斯坦福犬数据集(StanfordExtra数据集基于此)是使用ImageNet-1k数据集构建的。因此,在ImageNet-1k数据集上预训练的模型可能对这项任务有用。我们将使用一个在此数据集上预训练的MobileNetV2作为骨干网络,从图像中提取有意义的特征,然后将其传递给自定义回归头以预测坐标。

def get_model():
    # Load the pre-trained weights of MobileNetV2 and freeze the weights
    backbone = keras.applications.MobileNetV2(
        weights="imagenet",
        include_top=False,
        input_shape=(IMG_SIZE, IMG_SIZE, 3),
    )
    backbone.trainable = False

    inputs = layers.Input((IMG_SIZE, IMG_SIZE, 3))
    x = keras.applications.mobilenet_v2.preprocess_input(inputs)
    x = backbone(x)
    x = layers.Dropout(0.3)(x)
    x = layers.SeparableConv2D(
        NUM_KEYPOINTS, kernel_size=5, strides=1, activation="relu"
    )(x)
    outputs = layers.SeparableConv2D(
        NUM_KEYPOINTS, kernel_size=3, strides=1, activation="sigmoid"
    )(x)

    return keras.Model(inputs, outputs, name="keypoint_detector")

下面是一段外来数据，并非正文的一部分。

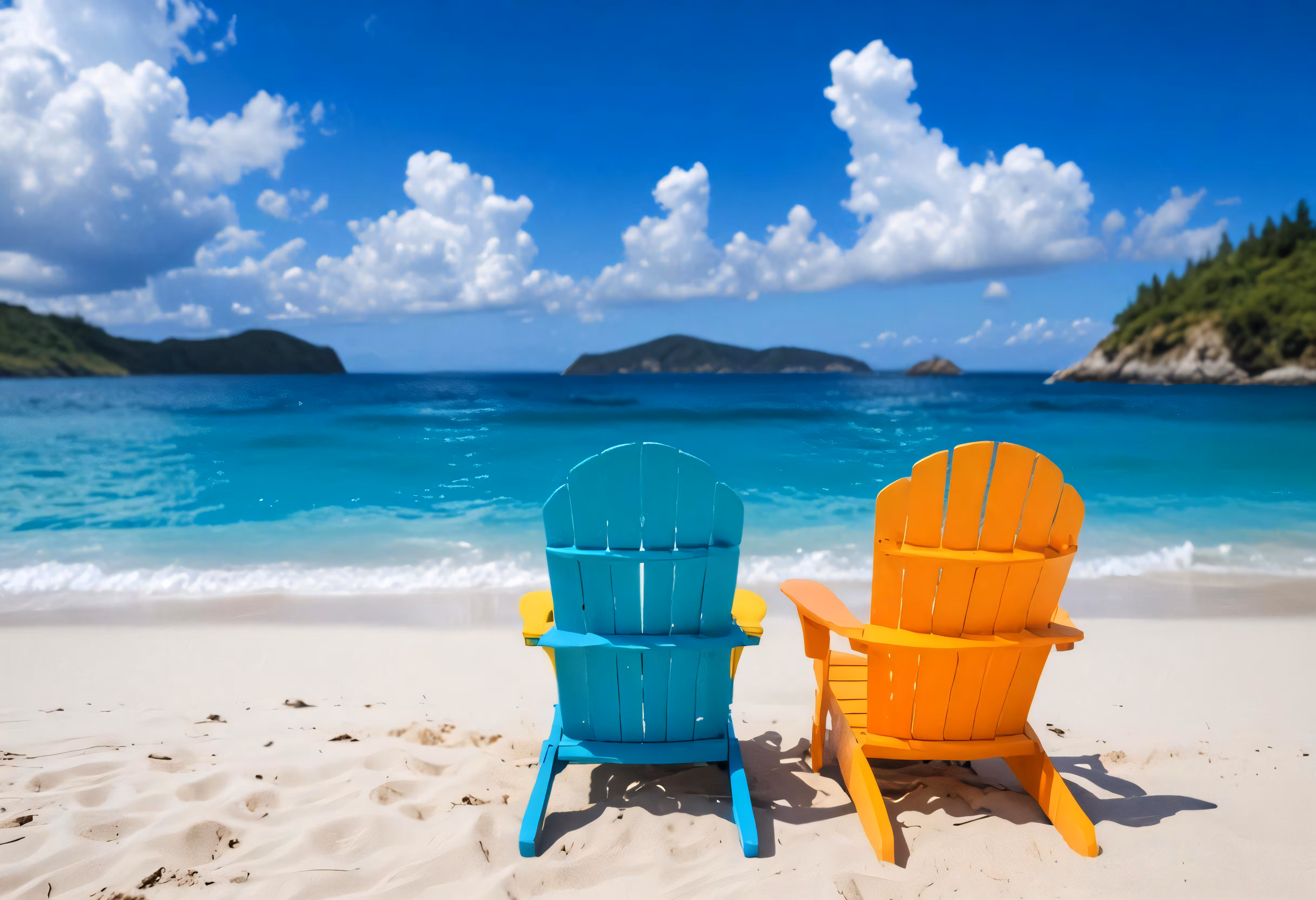 High resolution picture, free to use, two beach chairs sitting on the sand looking out at the ocean

我们的自定义网络是全卷积的,这使得它比具有全连接密集层的相同版本网络更节省参数。

get_model().summary()
Downloading data from https://storage.googleapis.com/tensorflow/keras-applications/mobilenet_v2/mobilenet_v2_weights_tf_dim_ordering_tf_kernels_1.0_224_no_top.h5
 9406464/9406464 ━━━━━━━━━━━━━━━━━━━━ 0s 0us/step
Model: "keypoint_detector"
┏━━━━━━━━━━━━━━━━━━━━━━━━━━━━━━━━━┳━━━━━━━━━━━━━━━━━━━━━━━━━━━┳━━━━━━━━━━━━┓
┃ Layer (type)                     Output Shape                  Param # ┃
┡━━━━━━━━━━━━━━━━━━━━━━━━━━━━━━━━━╇━━━━━━━━━━━━━━━━━━━━━━━━━━━╇━━━━━━━━━━━━┩
│ input_layer_1 (InputLayer)      │ (None, 224, 224, 3)       │          0 │
├─────────────────────────────────┼───────────────────────────┼────────────┤
│ true_divide (TrueDivide)        │ (None, 224, 224, 3)       │          0 │
├─────────────────────────────────┼───────────────────────────┼────────────┤
│ subtract (Subtract)             │ (None, 224, 224, 3)       │          0 │
├─────────────────────────────────┼───────────────────────────┼────────────┤
│ mobilenetv2_1.00_224            │ (None, 7, 7, 1280)        │  2,257,984 │
│ (Functional)                    │                           │            │
├─────────────────────────────────┼───────────────────────────┼────────────┤
│ dropout (Dropout)               │ (None, 7, 7, 1280)        │          0 │
├─────────────────────────────────┼───────────────────────────┼────────────┤
│ separable_conv2d                │ (None, 3, 3, 48)          │     93,488 │
│ (SeparableConv2D)               │                           │            │
├─────────────────────────────────┼───────────────────────────┼────────────┤
│ separable_conv2d_1              │ (None, 1, 1, 48)          │      2,784 │
│ (SeparableConv2D)               │                           │            │
└─────────────────────────────────┴───────────────────────────┴────────────┘
 Total params: 2,354,256 (8.98 MB)
 Trainable params: 96,272 (376.06 KB)
 Non-trainable params: 2,257,984 (8.61 MB)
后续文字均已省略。